[Task instructions]
Only the lines from the start of the entries through the line with "珠海街头惊险一幕:20米高桩机侧翻斑马线,幸无人员伤亡" should be returned, each exactly as it stands, and no pictures.
----
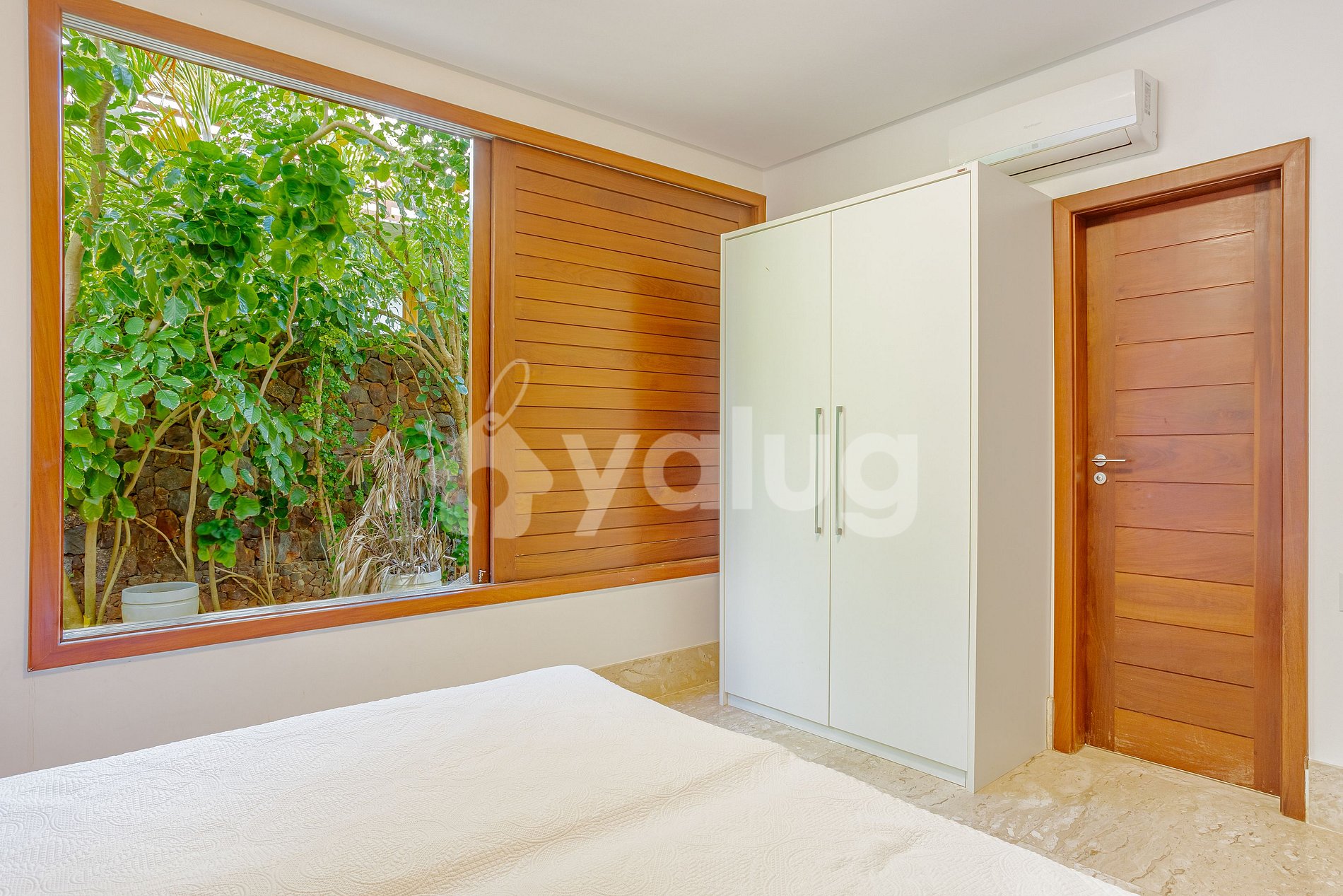 Suite 2 (Planta baja): Aire acondicionado split, cortinas blackout, closets, 1 cama matrimonial con auxiliares a ambos lados.
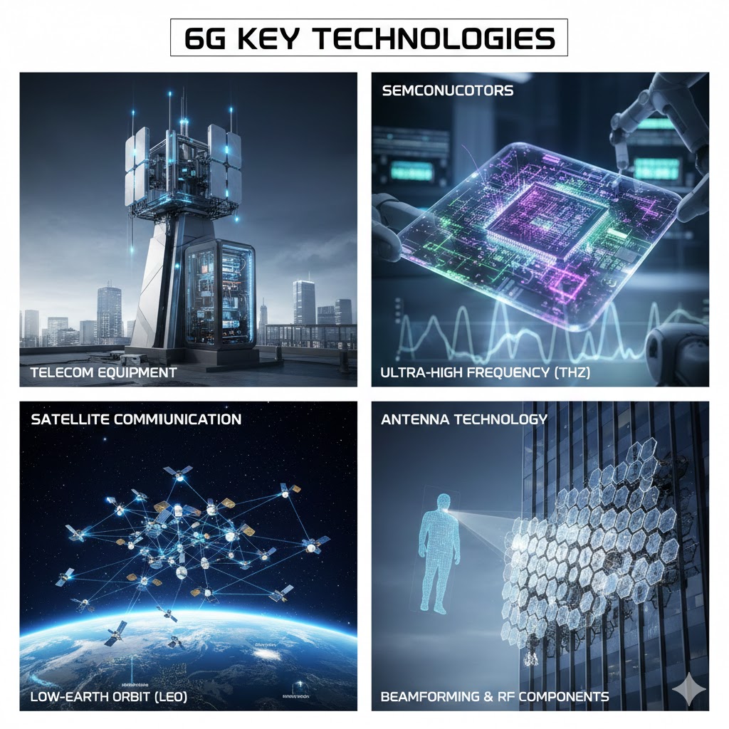 고성능 기지국 장비부터 테라헤르츠 대역을 처리하는 초정밀 반도체, 지구 전역을 연결하는 저궤도 위성망, 그리고 신호 효율을 극대화하는 지능형 안테나 시스템까지 각 분야의 유기적인 결합을 시각화하여 표현하였습니다.
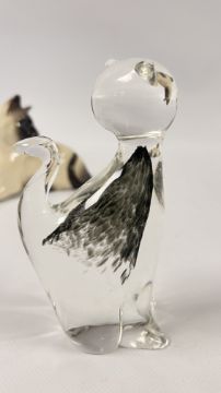 A GROUP OF COLLECTOR'S CABINET CAT ORNAMENTS TO INCLUDE BESWICK, ROYAL DOULTON, FRANKLIN MINT AND LLADRO EXAMPLES + TWO GLASS EXAMPLES.
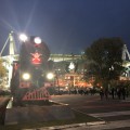 △サンクトペテルブルク市内のプーシキン像。後ろには国立ロシア美術館。
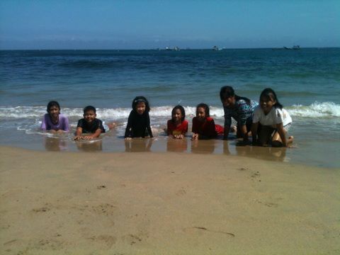 Sesampainya di Pantai Tambakrejo aku berfoto sebentar dulu, baru aku melepas jaketku dan bermain air. Saat bermain air, aku duduk atau tengkurap di pasir yang akan di basahi oleh ombak. Dan saat ombaknya terkena badan rasanya dingiin…! Yang hampir bikin aku takut kehilangan sandalku itu waktu aku bermain air, lalu ada ombak datang dan hampir menghanyutkan sandal milikku dan semua sepupuku yang ikut main air. Untungnya, semua sandal kami bisa diambil kembali sebelum terhanyut ke laut ๐
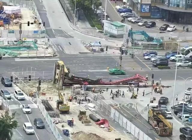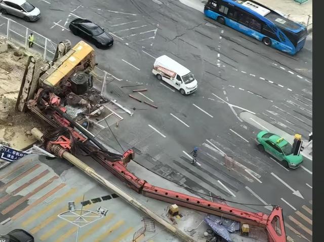 珠海街头惊险一幕:20米高桩机侧翻斑马线,幸无人员伤亡
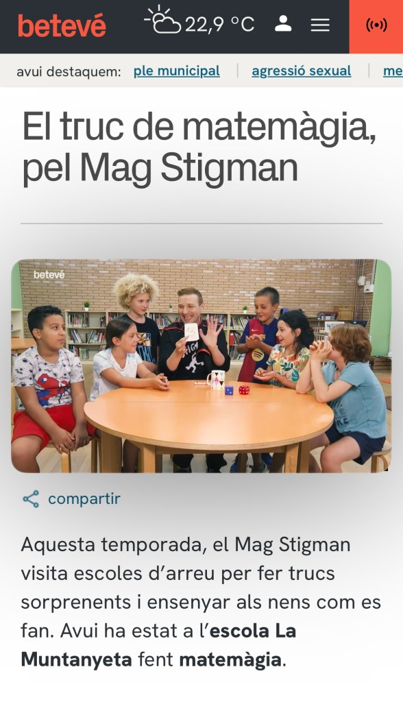 - Segon capítol (Matemàgia a La Muntanyeta): Aquí pots trobar el truc de màgia de la setmana, fet amb els alumnes: https://beteve.cat/catakrac/truc-de-magia-matemagia/
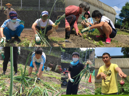 2年生はワークスタディ農園班の友だちがみんなをリードして苗植えや、玉ねぎの収穫を行いました。芋の苗を植えてから優しく水やりをしたり、汗をかきながら一生懸命玉ねぎを抜いたりする姿が見られました。
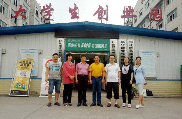 5月31日,市科技局王勇副局长一行来到院,在院长助理匡晓东的陪同下,参观了怀化职院大学生创业园,考察了学创新创业情况和创客空间项目申报情况。
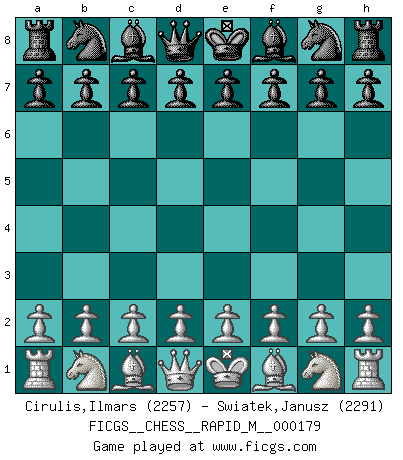First move 2026 January 2 2:36:44 White clock - 29 days 19:13:08 Black clock - 30 days 00:00:00 [Event "FICGS__CHESS__RAPID_M__000179"] [Site "FICGS"] [Date "2026.01.02"] [Round "1"] [White "Cirulis,Ilmars"] [Black "Swiatek,Janusz"] [Result "*"] [WhiteElo "2257"] [BlackElo "2291"] 1.* Follow this game move after move (download)No price is too great for the scalp of the enemy King. (Koblentz) Bogoljubow: Matt in vier Zügen! Tartakower: Ich verbitte mir jede Belästigung! (Savielly Grigorievitsch Tartakower) Aquel que ve no otra dirección en el juego que la de dar Jaque Mate a su oponente, nunca será un buen jugador de Ajedrez. (Euwe) La vérité est comme le meilleur coup aux échecs : elle existe, mais il faut la chercher. (Arturo Perez-Reverte) Opportunities multiply as they are seized. (Sun Tzu)
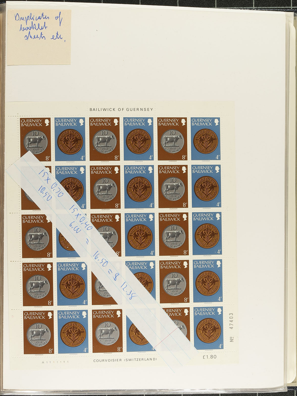 Collection of never hinged Guernsey, 1964-1997, containing many hundreds of stamps, neatly organized in hingeless mounts on stock or album pages in a thick binder. The collection ranges from Scott #1/185, along with back of the book issues, along with souvenir sheets and miniature panes, and more. A spot check indicated some material cataloguing $5 to $10 each, with owner's 2014 Scott catalogue value for the collection totaling US$686.00. A nice lot for Commonwealth collectors, overall fine to very fine. Estimate =
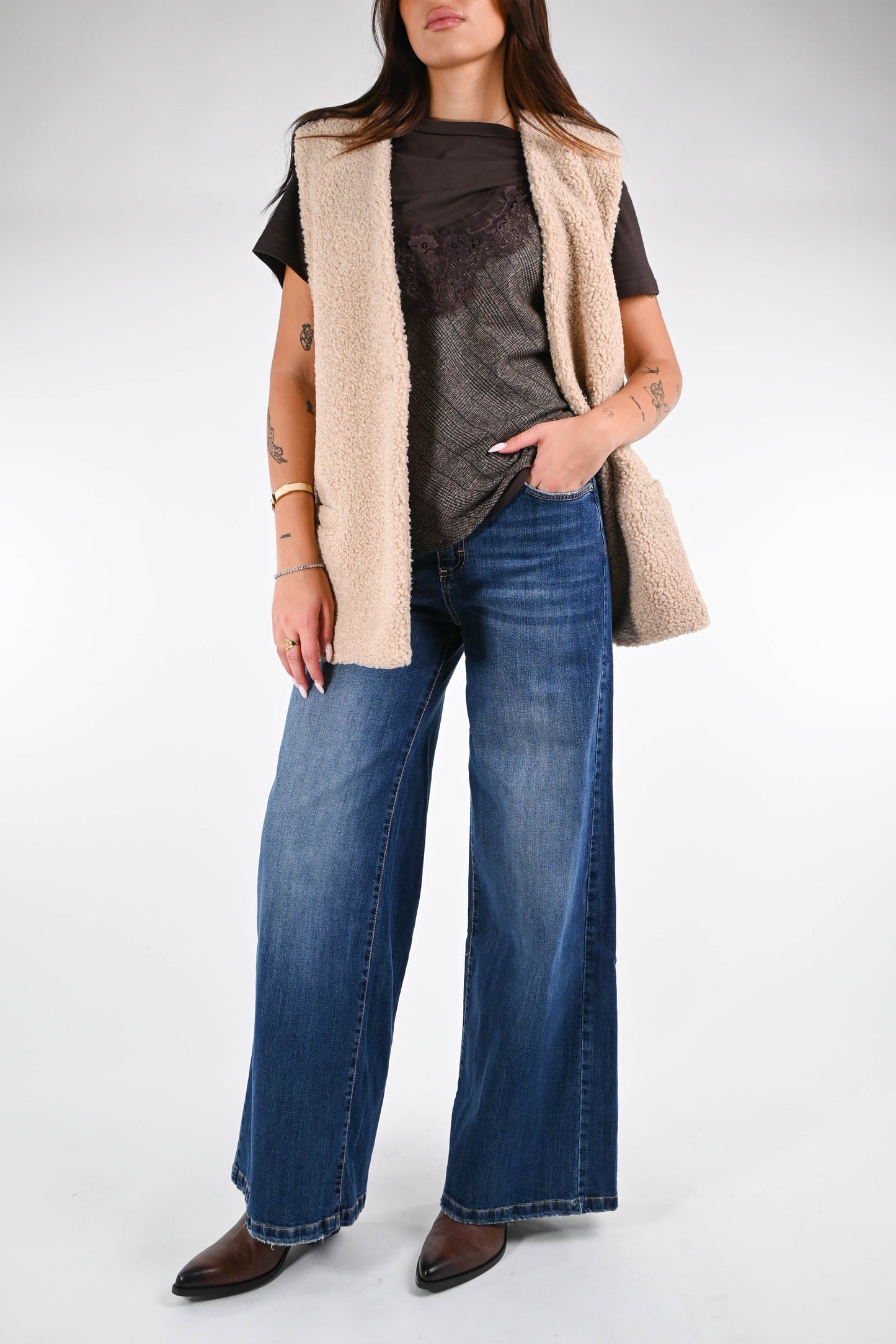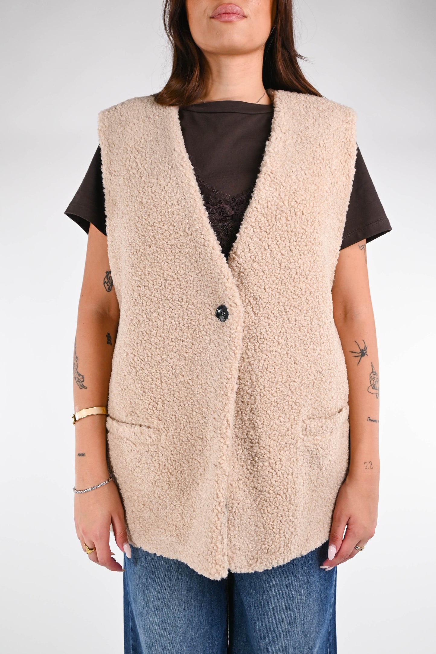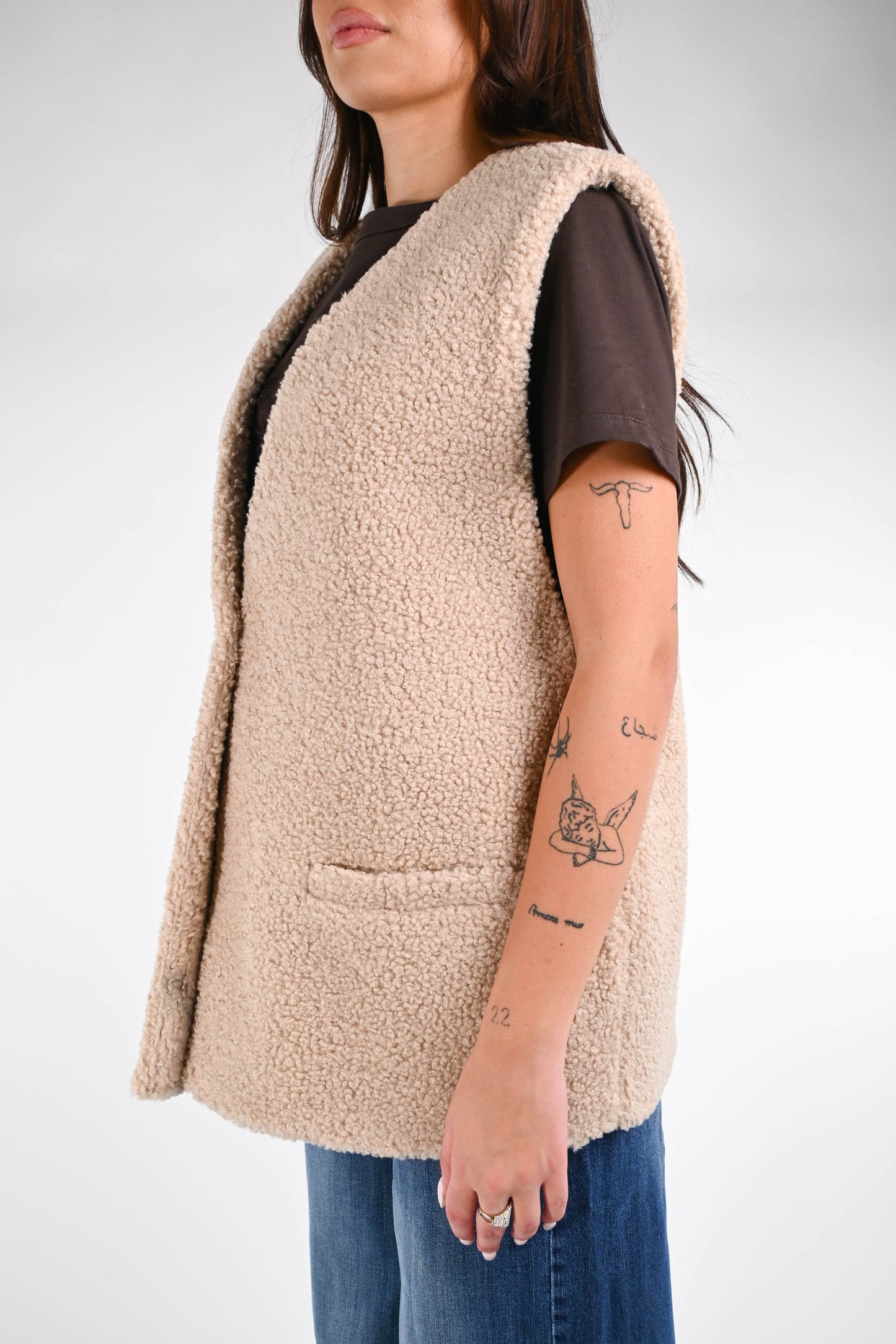 Gilet teddy over, un bottone, con fodera interna, con tasche, colore Cammello
----
[The answer]
 Suite 2 (Planta baja): Aire acondicionado split, cortinas blackout, closets, 1 cama matrimonial con auxiliares a ambos lados.
 고성능 기지국 장비부터 테라헤르츠 대역을 처리하는 초정밀 반도체, 지구 전역을 연결하는 저궤도 위성망, 그리고 신호 효율을 극대화하는 지능형 안테나 시스템까지 각 분야의 유기적인 결합을 시각화하여 표현하였습니다.
 A GROUP OF COLLECTOR'S CABINET CAT ORNAMENTS TO INCLUDE BESWICK, ROYAL DOULTON, FRANKLIN MINT AND LLADRO EXAMPLES + TWO GLASS EXAMPLES.
 △サンクトペテルブルク市内のプーシキン像。後ろには国立ロシア美術館。
 Sesampainya di Pantai Tambakrejo aku berfoto sebentar dulu, baru aku melepas jaketku dan bermain air. Saat bermain air, aku duduk atau tengkurap di pasir yang akan di basahi oleh ombak. Dan saat ombaknya terkena badan rasanya dingiin…! Yang hampir bikin aku takut kehilangan sandalku itu waktu aku bermain air, lalu ada ombak datang dan hampir menghanyutkan sandal milikku dan semua sepupuku yang ikut main air. Untungnya, semua sandal kami bisa diambil kembali sebelum terhanyut ke laut ๐
 珠海街头惊险一幕:20米高桩机侧翻斑马线,幸无人员伤亡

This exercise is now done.